Singh asserted that the Navy is fully invested in encouraging an indigenous shipbuilding ecosystem, and 50 years before ‘Make in India’ became a national mission, the Navy took formative steps towards it through creation of an in-house ‘Central Design Office’ in 1964.

The Navy has, to date, designed more than 90 warships across 19 different classes. With more than 130 platforms constructed in Indian shipyards since the first ship INS Ajay was constructed by GRSE in 1961, Naval shipbuilding could be counted as one of the success stories of India, he said.

“This is testimony to the synergy between the Navy and industry, as also our commitment towards self-reliance. Yet, we must acknowledge that this journey from a ‘Buyers Navy’ to a ‘Builders Navy’ has been an arduous one,” the Navy chief said.

Also, shipbuilding, being a capital intensive activity, has created a narrative where budgetary allocation for naval shipbuilding is considered by some to be a drain on the economy, he said. “Yet, I would argue that investing in naval shipbuilding is far from a fiscal drain. The first reason for that is the ‘plough-back effect’,” the Navy chief said.

“By conservative estimates, a very large proportion of every rupee spent on the Navy is ploughed back into the Indian economy. To start with, more than 60 per cent of the Naval budget is dedicated to capital expenditure. Nearly 70 per cent of this capital budget has been spent on indigenous sourcing, amounting to nearly Rs 66,000 crores in the last five years,” he said.

Also, since the launch of ‘Make in India’ in 2014, 80 per cent AoNs (Acceptance of Necessity) on cost basis have been awarded to Indian vendors. Of the total 51 ships and submarines on order at various shipyards, 49 are being constructed indigenously. This highlights the considerable levels of plough-back into the economy, he added.

The second contribution of Naval shipbuilding is as a catalyst for employment generation and skill development, which are present-day real challenges faced by the nation.

Apart from individual skilling, naval projects also lead to creation of new capacities within shipyards. These are crucial spin-offs for the economy, he said. “India’s largest dry-dock under construction at Cochin Shipyard, for instance, would enable servicing larger sized commercial ships, apart from aircraft carriers, which was one of the prime-movers for the project,” he said.

Diplomatic engagements

Singh said the projects contribute to strategic outcomes for the nation as well. “We all know that multi-dimensional, state-of-the-art, ships constructed by our industry, and operated by the Navy and the Coast Guard, are crucial to protecting India’s maritime interests in the Indian Ocean Region and beyond.

“In addition Navy’s diplomatic engagements and capacity building efforts have also allowed several friendly countries to harness our ship-building prowess,” he said. “We have already added to the capacities of friendly nations, such as Seychelles, Maldives and Sri Lanka to name a few, by exporting warships that enhance their overall security,” the Navy chief added.

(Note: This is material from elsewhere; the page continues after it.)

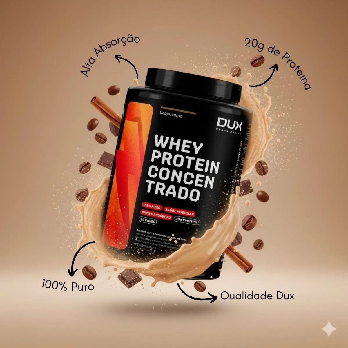 WHEY PROTEIN CONCENTRADO DUX CAPPUCCINO 900G 20G PROTEINA FORÇA ENERGIA Descubra o WHEY PROTEIN CONCENTRADO DUX no delicioso sabor CAPPUCCINO, a PROTEINA de alta qualidade para sua rotina. Com 20G de PROTEINA pura por dose, este pote de 900G rende 30 doses de FORÇA e ALTA ABSORÇÃO. É a escolha perfeita para quem busca ALTA PERFORMACE com o toque estimulante e premium do café. O WHEY CONCENTRADO DUX: SABOR GOURMET E PUREZA O Whey Protein Concentrado DUX sabor CAPPUCCINO oferece um perfil nutricional completo e superior, sendo um produto de marca reconhecida pela qualidade: 20G de PROTEINA PURA: Alta qualidade extraída diretamente do soro do leite, sem blends ou adição de outras proteínas de menor valor. SABOR DIFERENCIADO: O CAPPUCCINO é um blend especial que proporciona uma experiência de sabor aromático, ideal para ser consumido como um shake quente ou frio. ALTA ABSORÇÃO: Sua fórmula garante que o corpo absorva os nutrientes de forma eficaz, fornecendo suporte para o ganho de MASSA MUSCULAR. Perfil Completo de Aminoácidos: Inclui aminoácidos essenciais, cruciais para a construção do MUSCULO e a RECUPERAÇÃO rápida. IDEAL PARA QUEM BUSCA RESULTADOS E PERFORMACE PARA O TREINO Este SUPLEMENTO é indicado para atletas, pessoas ativas e entusiastas do fitness que desejam otimizar sua PERFORMACE PARA O TREINO. É perfeito para quem busca: FORÇA MUSCULAR: O aporte proteico CONCENTRADO e consistente contribui para o ganho e manutenção da MASSA MUSCULAR. RECUPERAÇÃO EFICAZ: Garante um descanso pós-treino mais produtivo, preparando o MUSCULO para o próximo desafio. ENERGIA EQUILIBRADA: O sabor CAPPUCCINO fornece suporte energético, ideal para o pré-treino ou ao acordar. COMO CONSUMIR O WHEY PROTEIN CONCENTRADO DUX CAPPUCCINO? O consumo pode ser feito diariamente, conforme seus objetivos. É FÁCIL DE PREPARAR E CONSUMIR, dissolvendo rapidamente em líquidos. SUGESTÃO DE USO: Dilua uma medida (dose) de Whey Protein Concentrado em 250 - 350ml de água (quente ou fria) ou leite. MELHORES MOMENTOS PARA CONSUMO: PRÉ-TREINO: Para garantir ENERGIA e foco. PÓS-TREINO: Para RECUPERAÇÃO muscular imediata. CAFÉ DA MANHÃ: Para começar o dia com PROTEINA e sabor de café. CARACTERÍSTICAS TÉCNICAS Tipo de Produto: WHEY PROTEIN CONCENTRADO (SUPLEMENTO) Conteúdo: POTE 900G Rende: 30 DOSES (Aproximadamente) Proteína por Dose: 20G Sabor: CAPPUCCINO Diferenciais: Blend puro, sabor gourmet diferenciado. ESTOQUE LIMITADO! Garanta o seu POTE de WHEY DUX CONCENTRADO CAPPUCCINO agora e sinta a diferença na sua FORÇA e ENERGIA. Aproveite o preço especial e tenha 30 dias de PERFORMACE! Aviso legal Este produto é um SUPLEMENTO dietético, não um medicamento. Suplementa dietas insuficientes. Consulte o seu médico e/ou farmacêutico.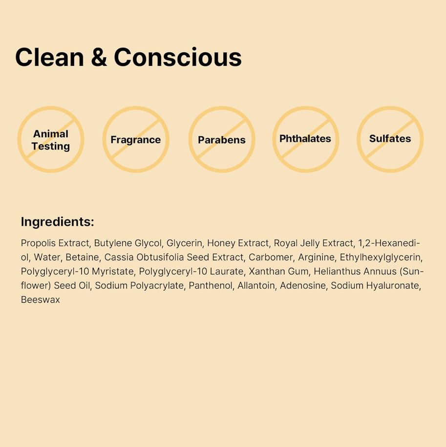 87.26% of Propolis Extract | Reduces redness and helps the healing process of stressed skin.

As India’s shipbuilding industry matures, there is immense potential to forge strategic partnerships and convert India into a strategic hub for defence shipbuilding exports and repairs to friendly foreign countries, Singh said.

Former Navy chief Admiral Sunil Lanba in his address touched upon the ancient maritime legacy of India and the tremendous potential the shipbuilding sector possess.